Одинцов: Думаю, определенное развитие отношений главы государства с предстоятелем Русской церкви подразумевалось. Правда, с патриархом Сергием этого не произошло — он скончался спустя восемь месяцев после встречи. С его преемником патриархом Алексием была встреча в апреле 1945?го, однако в дальнейшем общение было дистанционным. Все-таки нельзя сказать, что Сталину были очень интересны церковные вопросы. Он относился к ним сугубо прагматично, хотя воинствующим атеистом тоже не был. Но, конечно, все, что делалось по отношению к Церкви со стороны государства, проходило через руки Сталина, он контролировал общую линию, а ее практическим осуществлением занимались те же Молотов, Берия и руководители иных госструктур. При этом все записки Карпова, направленные Сталину о состоянии дел в Русской православной церкви, он внимательно изучал и делал на них пометки своими любимыми разноцветными карандашами.
культура: В некоторой части церковных и околоцерковных кругов принято критиковать патриарха Сергия за «соглашательство» с советской властью. Существует даже термин «сергианство». Как Вы к нему относитесь?

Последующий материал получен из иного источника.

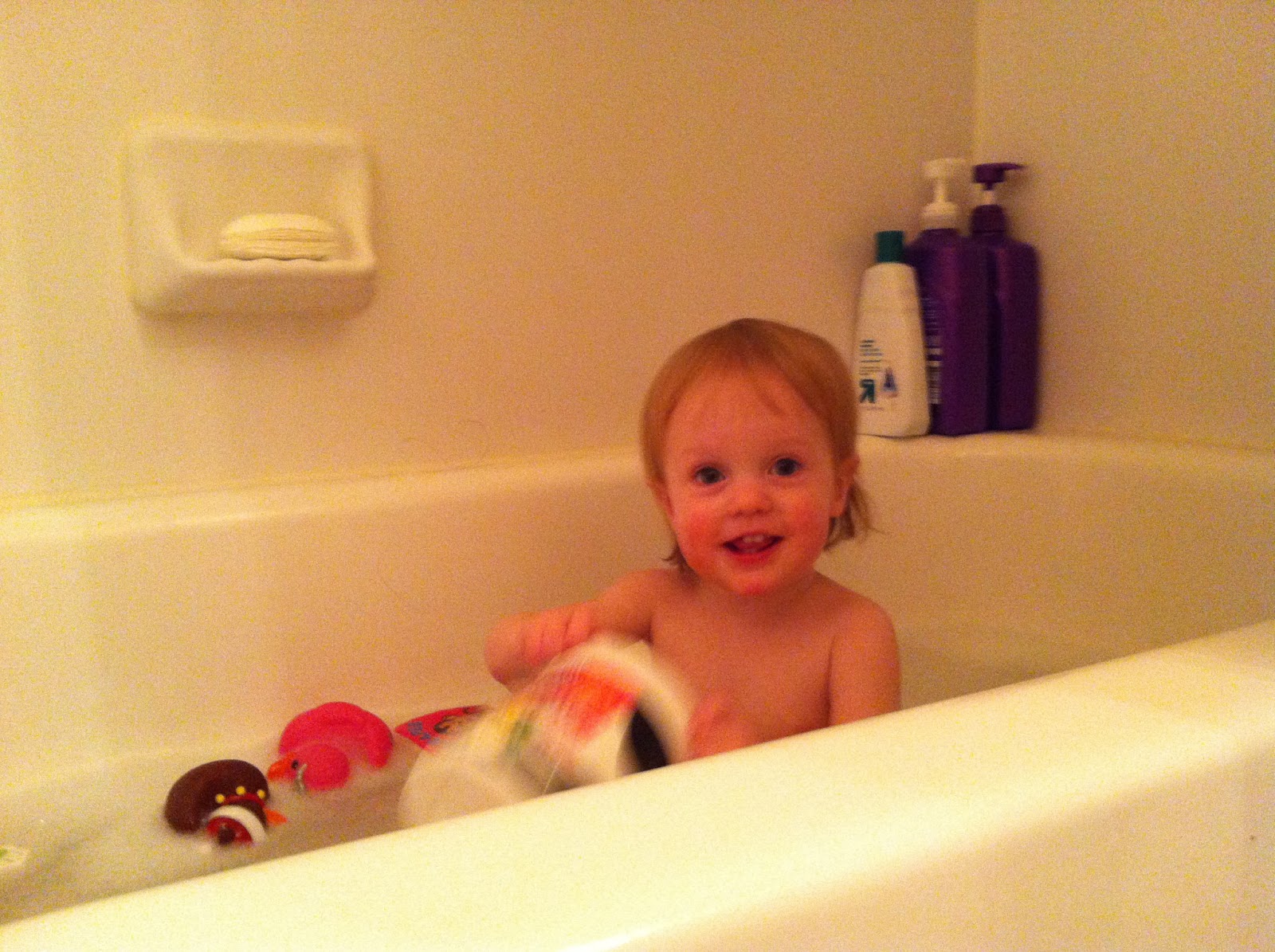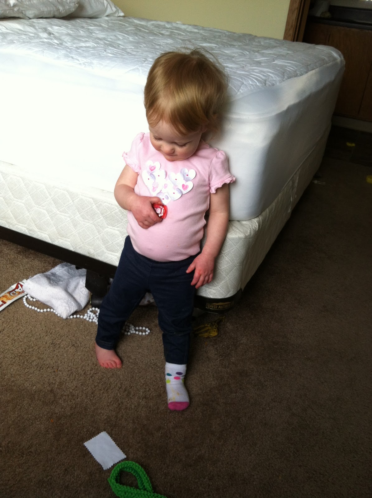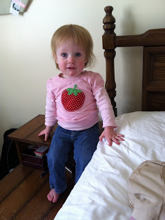 | Feeling like a big girl when Mommy let her sit in the big people chair. |

Одинцов: В своих трудах я его никогда не использую и вообще считаю не имеющим никакого отношения к реальной истории. Это из сферы идеологии, пропагандистской игры, связанной с попыткой перенести религиозные вопросы в сферу политической борьбы. Если понимать под «сергианством» взаимоотношения Церкви с государством, то о них Христианская церковь рассуждает с момента своего признания государством. Конечно, и в 20–40?е годы в лице митрополита Сергия (Страгородского) Церковь искала возможную форму взаимопонимания и взаимодействия со светским и порой антицерковно настроенным государством. В том, что этот процесс был длительным и трудным, вины Церкви нет. Вина же государства — налицо.
культура: Как по-Вашему, может ли православный человек быть советским патриотом?
Одинцов: Не «может», а таковыми и были православные люди, жившие в СССР.?Хотя, конечно, мы помним и тех, кто, заявляя о своем православии, оказался на стороне захватчиков и призывал паству «делом и словом» служить «новому порядку» нацистских захватчиков. И не важно, какими антикоммунистическими целями, взглядами и лозунгами они это оправдывали, для абсолютного большинства советских людей, в том числе и верующих, главным было — спасение Отечества.
культура: Можете ли Вы некоей емкой фразой определить историческую роль патриарха Сергия?
Одинцов: Это человек, спасший Русскую православную церковь в самый тяжелый период ее истории. Человек, не давший прерваться исторической нити русского православия на территории России.